■ **TASK INSTRUCTIONS**: Copy every line from the records below that holds the word "Reading".

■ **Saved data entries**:
______________________________

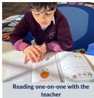
Reading one-on-one with the teacher

Reading instruction has continued in one-on-one and small group sessions. This has allowed for highly differentiated instruction and opportunities for guided and scaffolded lessons that are targeted to the individual students.
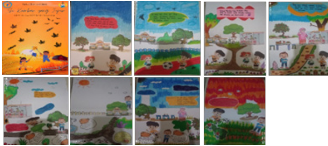
Figure 7 Storybook developed by group 9

From Figure 15 above, the storyline is presented coherently by the author but capturing positive experiences has not provided positive experiences for early childhood. In addition, in terms of language, it is very easy and simple for young children to understand. The author is still confused about making storybooks for early childhood, this can be seen from the use of communication balloons that should not appear in early childhood storybooks. These pictures are presented in an attractive appearance and color for young children to read. The number of pages is in accordance with the guidelines for writing story books set by researchers so that it makes it easier for young children to understand the meaning of the stories written by the author.
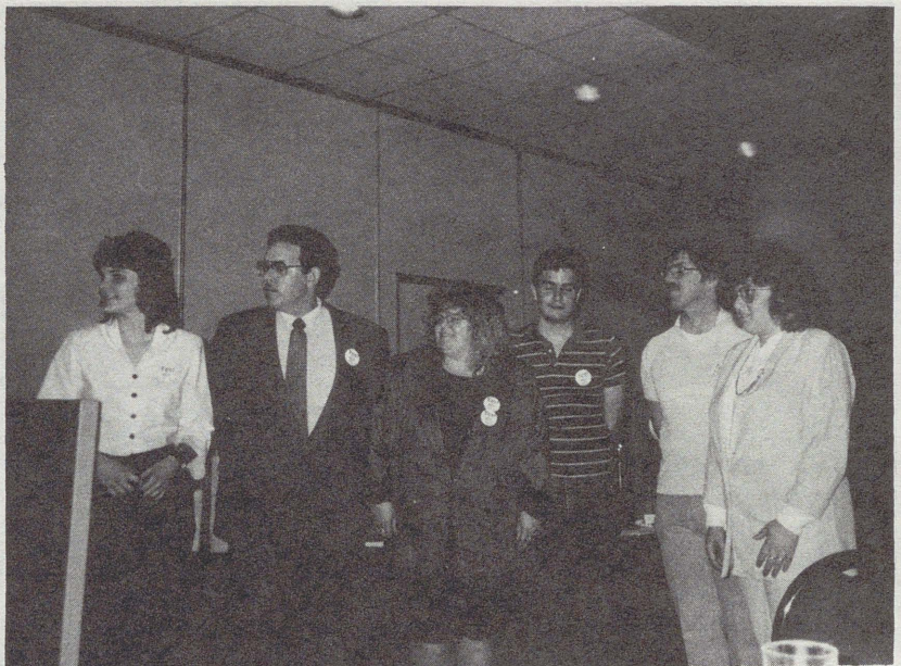
Student Senate Members Recieve Recongition

______________________________

■ **WRITTEN RESPONSE**:
Reading one-on-one with the teacher
Reading instruction has continued in one-on-one and small group sessions. This has allowed for highly differentiated instruction and opportunities for guided and scaffolded lessons that are targeted to the individual students.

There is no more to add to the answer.